_ACTIVITY_:
From the listing below, extract every line in which the word "xiàn" appears.

*** Opening THE DATA ***

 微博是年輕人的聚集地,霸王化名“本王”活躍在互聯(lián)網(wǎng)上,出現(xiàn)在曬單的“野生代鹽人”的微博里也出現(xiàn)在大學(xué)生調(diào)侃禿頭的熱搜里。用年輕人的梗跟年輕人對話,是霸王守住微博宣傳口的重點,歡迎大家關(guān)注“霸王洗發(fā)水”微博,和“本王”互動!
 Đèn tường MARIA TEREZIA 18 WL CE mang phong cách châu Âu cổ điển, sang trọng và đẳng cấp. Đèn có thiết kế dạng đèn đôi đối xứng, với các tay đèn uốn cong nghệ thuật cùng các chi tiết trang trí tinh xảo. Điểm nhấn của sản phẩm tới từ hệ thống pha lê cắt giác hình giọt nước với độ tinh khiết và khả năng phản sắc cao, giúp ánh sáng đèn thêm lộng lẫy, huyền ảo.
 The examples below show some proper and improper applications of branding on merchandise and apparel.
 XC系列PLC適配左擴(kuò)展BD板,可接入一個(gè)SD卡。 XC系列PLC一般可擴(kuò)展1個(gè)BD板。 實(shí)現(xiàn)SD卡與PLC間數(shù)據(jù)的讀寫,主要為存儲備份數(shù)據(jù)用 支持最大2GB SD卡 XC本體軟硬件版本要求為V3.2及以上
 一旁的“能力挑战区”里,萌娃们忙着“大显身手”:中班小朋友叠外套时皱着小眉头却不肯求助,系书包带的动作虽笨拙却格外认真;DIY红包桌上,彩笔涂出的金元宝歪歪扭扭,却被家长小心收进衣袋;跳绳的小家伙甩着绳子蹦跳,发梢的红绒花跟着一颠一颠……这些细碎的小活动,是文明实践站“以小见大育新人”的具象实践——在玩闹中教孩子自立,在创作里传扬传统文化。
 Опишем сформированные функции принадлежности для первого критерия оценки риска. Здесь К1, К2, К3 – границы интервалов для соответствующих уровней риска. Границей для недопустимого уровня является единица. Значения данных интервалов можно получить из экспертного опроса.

*** Closing THE DATA ***
*** Opening THE DATA ***

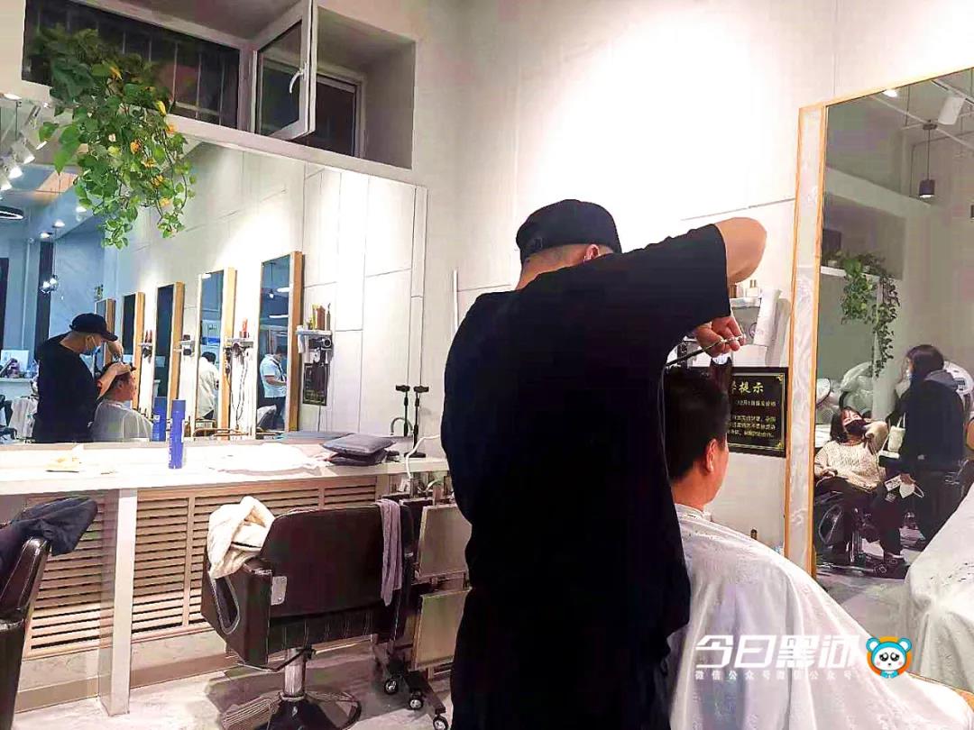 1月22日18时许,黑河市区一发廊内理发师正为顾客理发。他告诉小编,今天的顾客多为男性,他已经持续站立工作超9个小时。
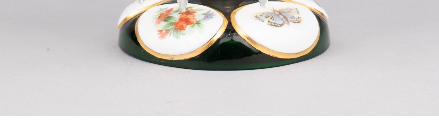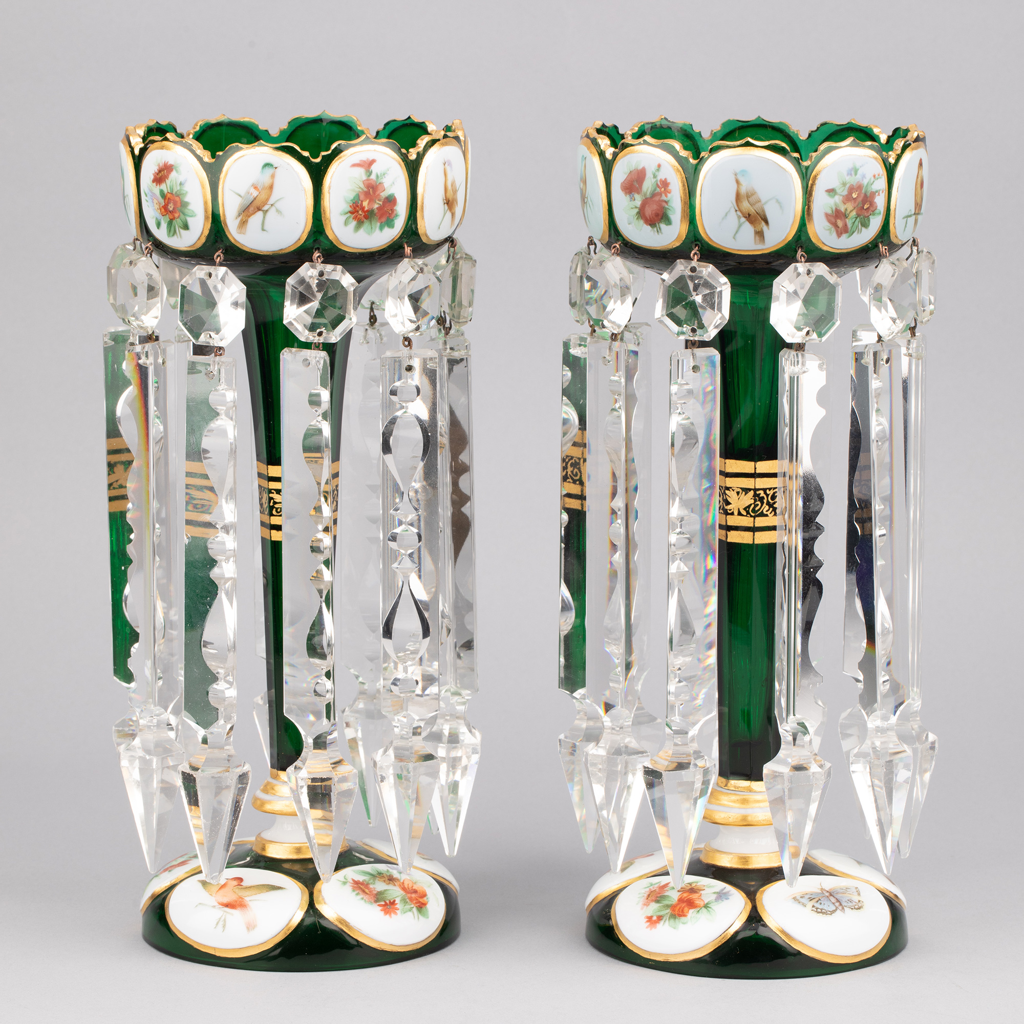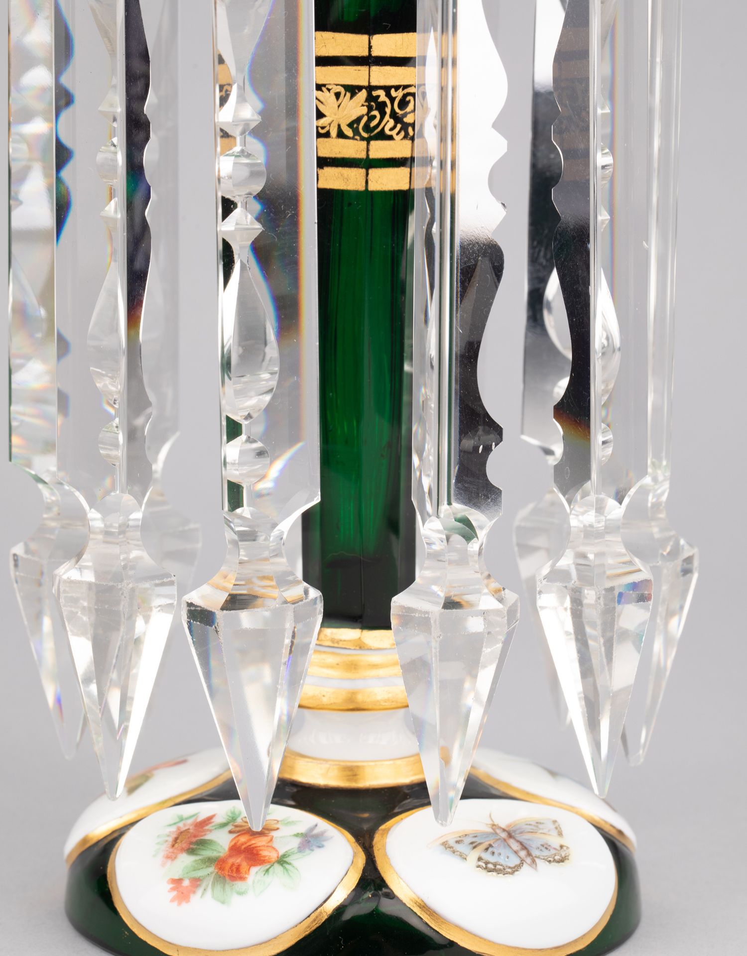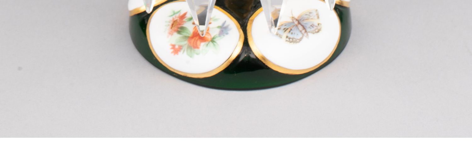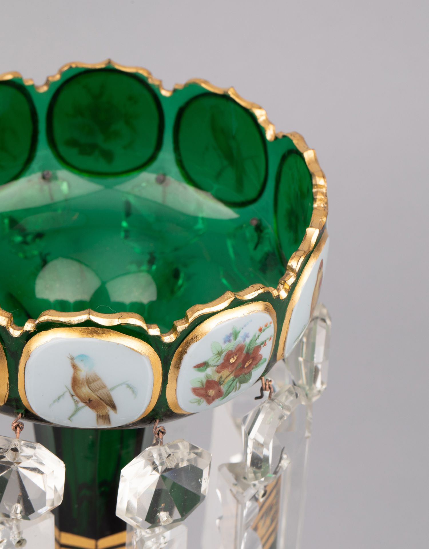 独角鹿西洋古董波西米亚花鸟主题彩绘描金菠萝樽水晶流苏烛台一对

*** Closing THE DATA ***
*** Opening THE DATA ***

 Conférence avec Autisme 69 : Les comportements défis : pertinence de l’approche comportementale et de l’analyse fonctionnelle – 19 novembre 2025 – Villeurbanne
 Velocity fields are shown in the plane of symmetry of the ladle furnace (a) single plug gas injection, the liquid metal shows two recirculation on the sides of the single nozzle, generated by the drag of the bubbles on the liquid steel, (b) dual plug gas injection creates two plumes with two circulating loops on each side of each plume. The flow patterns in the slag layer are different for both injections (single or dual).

*** Closing THE DATA ***

_RESULT FOR THIS EXERCISE_:
 微博是年輕人的聚集地,霸王化名“本王”活躍在互聯(lián)網(wǎng)上,出現(xiàn)在曬單的“野生代鹽人”的微博里也出現(xiàn)在大學(xué)生調(diào)侃禿頭的熱搜里。用年輕人的梗跟年輕人對話,是霸王守住微博宣傳口的重點,歡迎大家關(guān)注“霸王洗發(fā)水”微博,和“本王”互動!
 XC系列PLC適配左擴(kuò)展BD板,可接入一個(gè)SD卡。 XC系列PLC一般可擴(kuò)展1個(gè)BD板。 實(shí)現(xiàn)SD卡與PLC間數(shù)據(jù)的讀寫,主要為存儲備份數(shù)據(jù)用 支持最大2GB SD卡 XC本體軟硬件版本要求為V3.2及以上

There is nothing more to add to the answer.